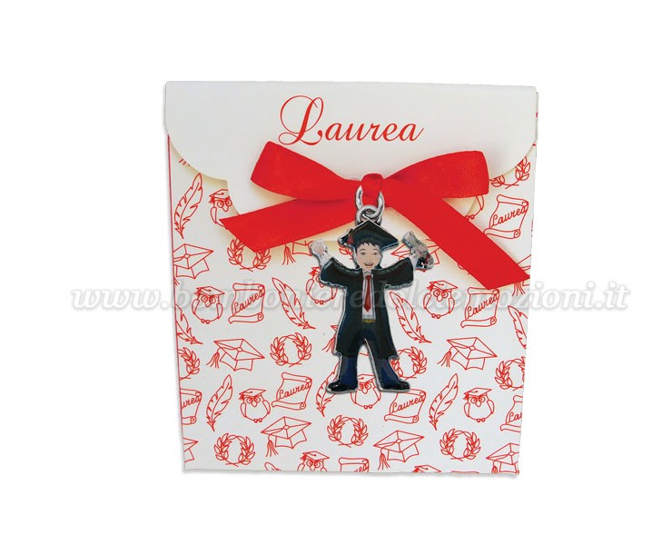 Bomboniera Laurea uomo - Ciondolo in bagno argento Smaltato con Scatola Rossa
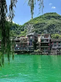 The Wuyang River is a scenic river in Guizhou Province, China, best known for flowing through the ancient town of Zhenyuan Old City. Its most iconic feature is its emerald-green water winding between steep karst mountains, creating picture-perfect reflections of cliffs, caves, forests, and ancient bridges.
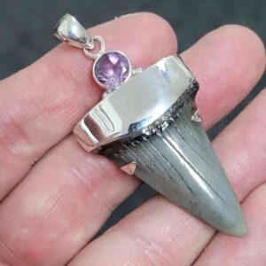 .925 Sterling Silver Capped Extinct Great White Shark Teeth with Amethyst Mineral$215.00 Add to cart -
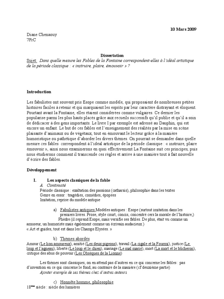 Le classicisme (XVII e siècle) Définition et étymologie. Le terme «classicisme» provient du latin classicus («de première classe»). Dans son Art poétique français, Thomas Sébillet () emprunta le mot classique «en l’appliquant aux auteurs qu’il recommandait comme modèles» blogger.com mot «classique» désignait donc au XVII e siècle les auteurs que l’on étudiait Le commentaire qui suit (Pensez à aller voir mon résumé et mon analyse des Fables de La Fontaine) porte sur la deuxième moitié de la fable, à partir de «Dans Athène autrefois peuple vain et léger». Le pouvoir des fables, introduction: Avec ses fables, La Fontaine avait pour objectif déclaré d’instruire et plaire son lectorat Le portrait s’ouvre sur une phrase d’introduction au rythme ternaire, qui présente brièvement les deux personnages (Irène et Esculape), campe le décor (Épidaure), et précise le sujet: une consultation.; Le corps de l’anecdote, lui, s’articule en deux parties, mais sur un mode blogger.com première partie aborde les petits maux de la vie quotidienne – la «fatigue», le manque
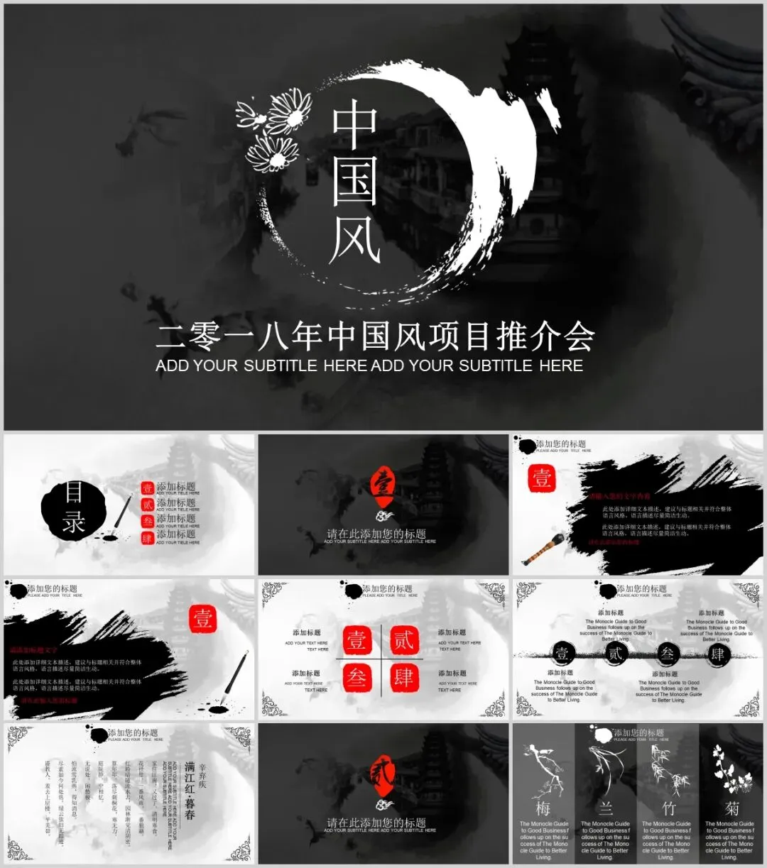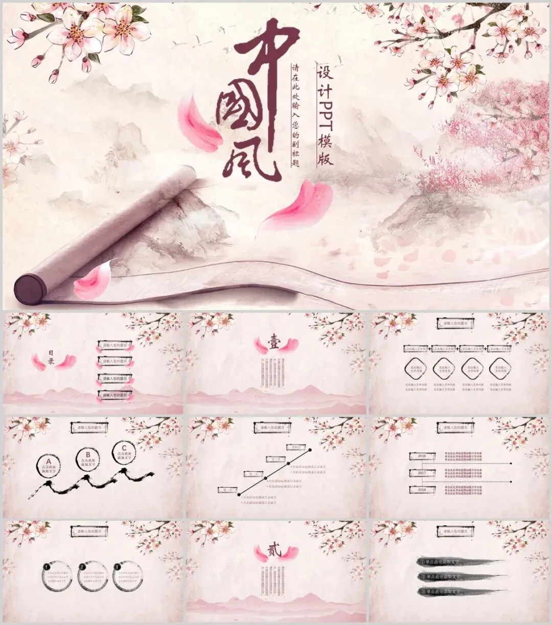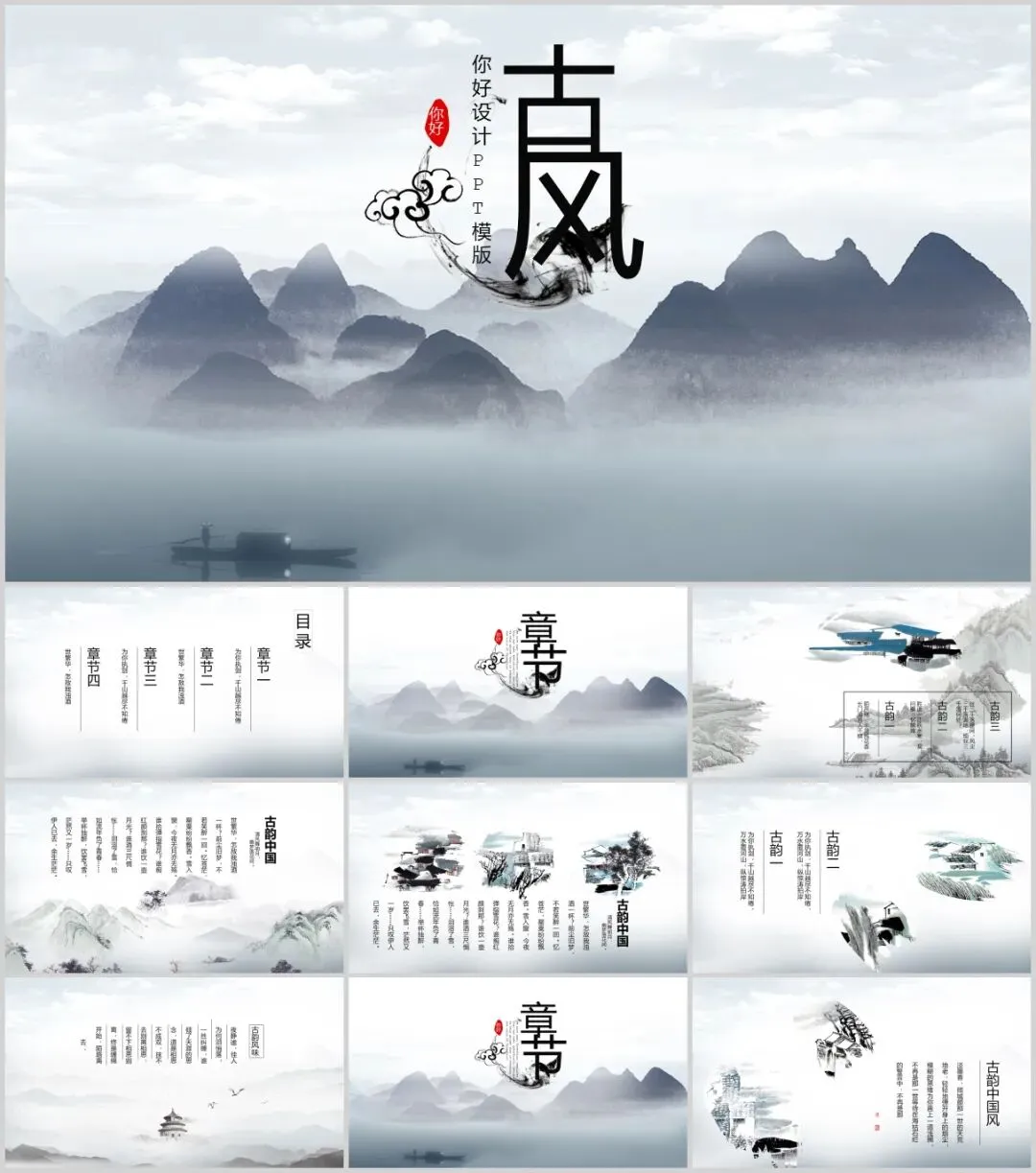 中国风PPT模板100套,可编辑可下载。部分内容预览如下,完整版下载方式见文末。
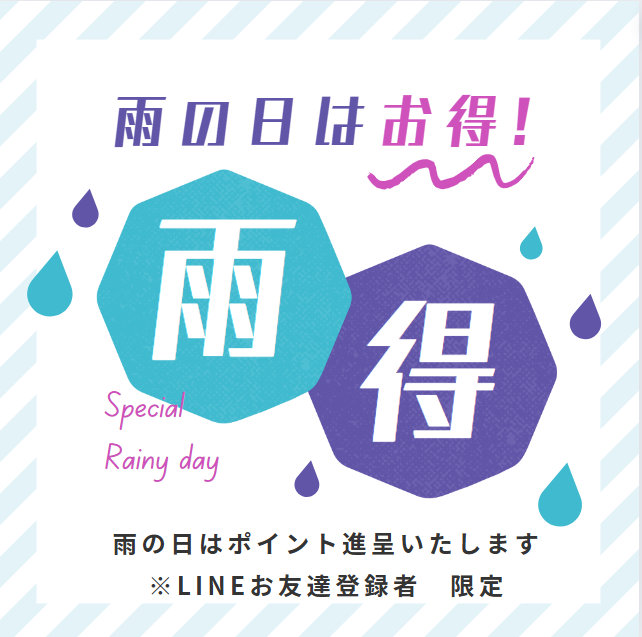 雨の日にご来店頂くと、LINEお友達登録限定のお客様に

☆ ☆ ☆ ☆

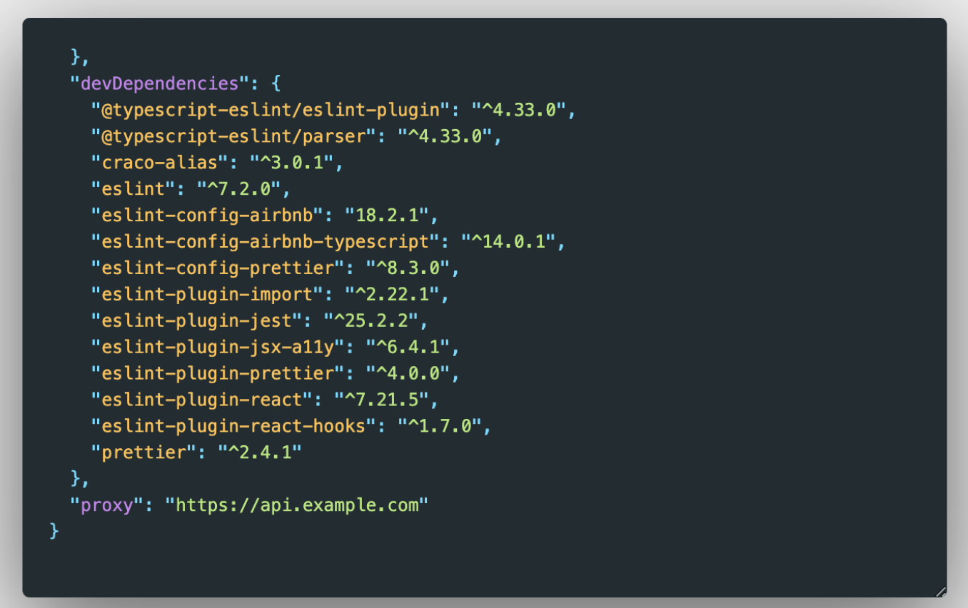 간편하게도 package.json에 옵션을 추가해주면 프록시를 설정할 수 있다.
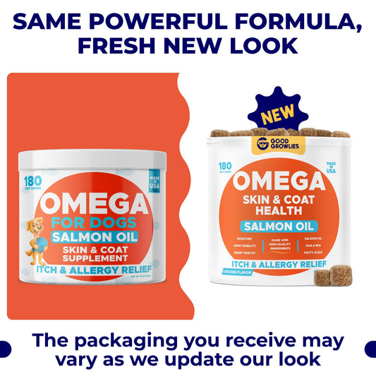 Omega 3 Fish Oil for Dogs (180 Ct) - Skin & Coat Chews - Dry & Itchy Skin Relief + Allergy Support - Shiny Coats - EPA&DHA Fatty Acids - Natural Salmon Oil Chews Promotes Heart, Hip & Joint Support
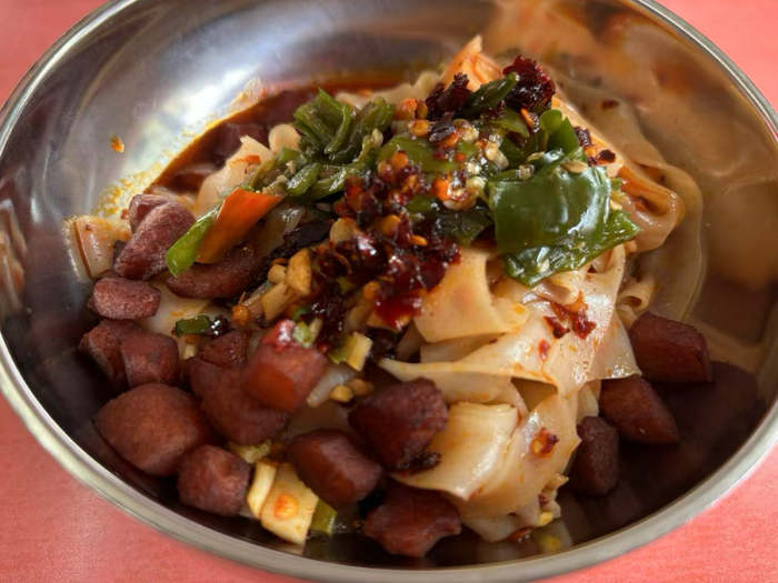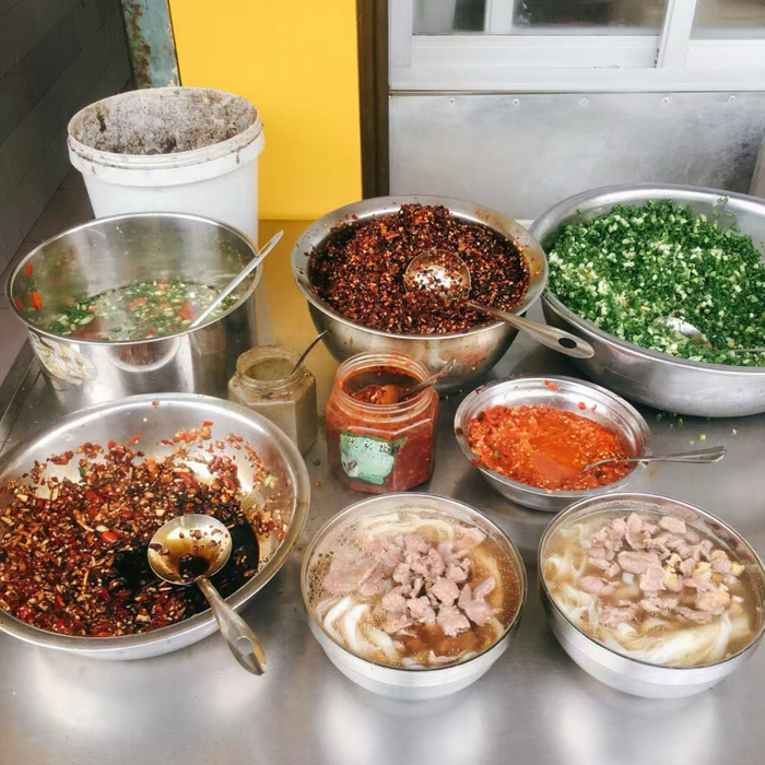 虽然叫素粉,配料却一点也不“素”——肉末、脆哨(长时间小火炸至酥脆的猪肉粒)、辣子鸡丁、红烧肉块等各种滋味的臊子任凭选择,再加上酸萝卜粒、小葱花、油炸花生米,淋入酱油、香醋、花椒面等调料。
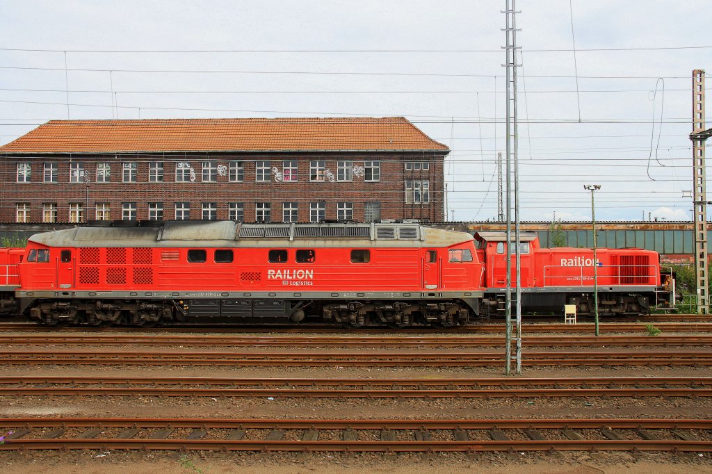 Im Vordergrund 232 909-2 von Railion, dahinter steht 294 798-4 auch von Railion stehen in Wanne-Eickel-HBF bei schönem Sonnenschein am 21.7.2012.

☆ ☆ ☆ ☆

◆ What you are asked to do:
Find the line with "Bomboniera Laurea uomo" in the entries above. Set down exactly every line from it up to and including the line with "雨の日にご来店頂くと、LINEお友達登録限定のお客様に", images excluded.

◆ Reply to the task:
 Bomboniera Laurea uomo - Ciondolo in bagno argento Smaltato con Scatola Rossa
 The Wuyang River is a scenic river in Guizhou Province, China, best known for flowing through the ancient town of Zhenyuan Old City. Its most iconic feature is its emerald-green water winding between steep karst mountains, creating picture-perfect reflections of cliffs, caves, forests, and ancient bridges.
 .925 Sterling Silver Capped Extinct Great White Shark Teeth with Amethyst Mineral$215.00 Add to cart -
 Le classicisme (XVII e siècle) Définition et étymologie. Le terme «classicisme» provient du latin classicus («de première classe»). Dans son Art poétique français, Thomas Sébillet () emprunta le mot classique «en l’appliquant aux auteurs qu’il recommandait comme modèles» blogger.com mot «classique» désignait donc au XVII e siècle les auteurs que l’on étudiait Le commentaire qui suit (Pensez à aller voir mon résumé et mon analyse des Fables de La Fontaine) porte sur la deuxième moitié de la fable, à partir de «Dans Athène autrefois peuple vain et léger». Le pouvoir des fables, introduction: Avec ses fables, La Fontaine avait pour objectif déclaré d’instruire et plaire son lectorat Le portrait s’ouvre sur une phrase d’introduction au rythme ternaire, qui présente brièvement les deux personnages (Irène et Esculape), campe le décor (Épidaure), et précise le sujet: une consultation.; Le corps de l’anecdote, lui, s’articule en deux parties, mais sur un mode blogger.com première partie aborde les petits maux de la vie quotidienne – la «fatigue», le manque
 中国风PPT模板100套,可编辑可下载。部分内容预览如下,完整版下载方式见文末。
 雨の日にご来店頂くと、LINEお友達登録限定のお客様に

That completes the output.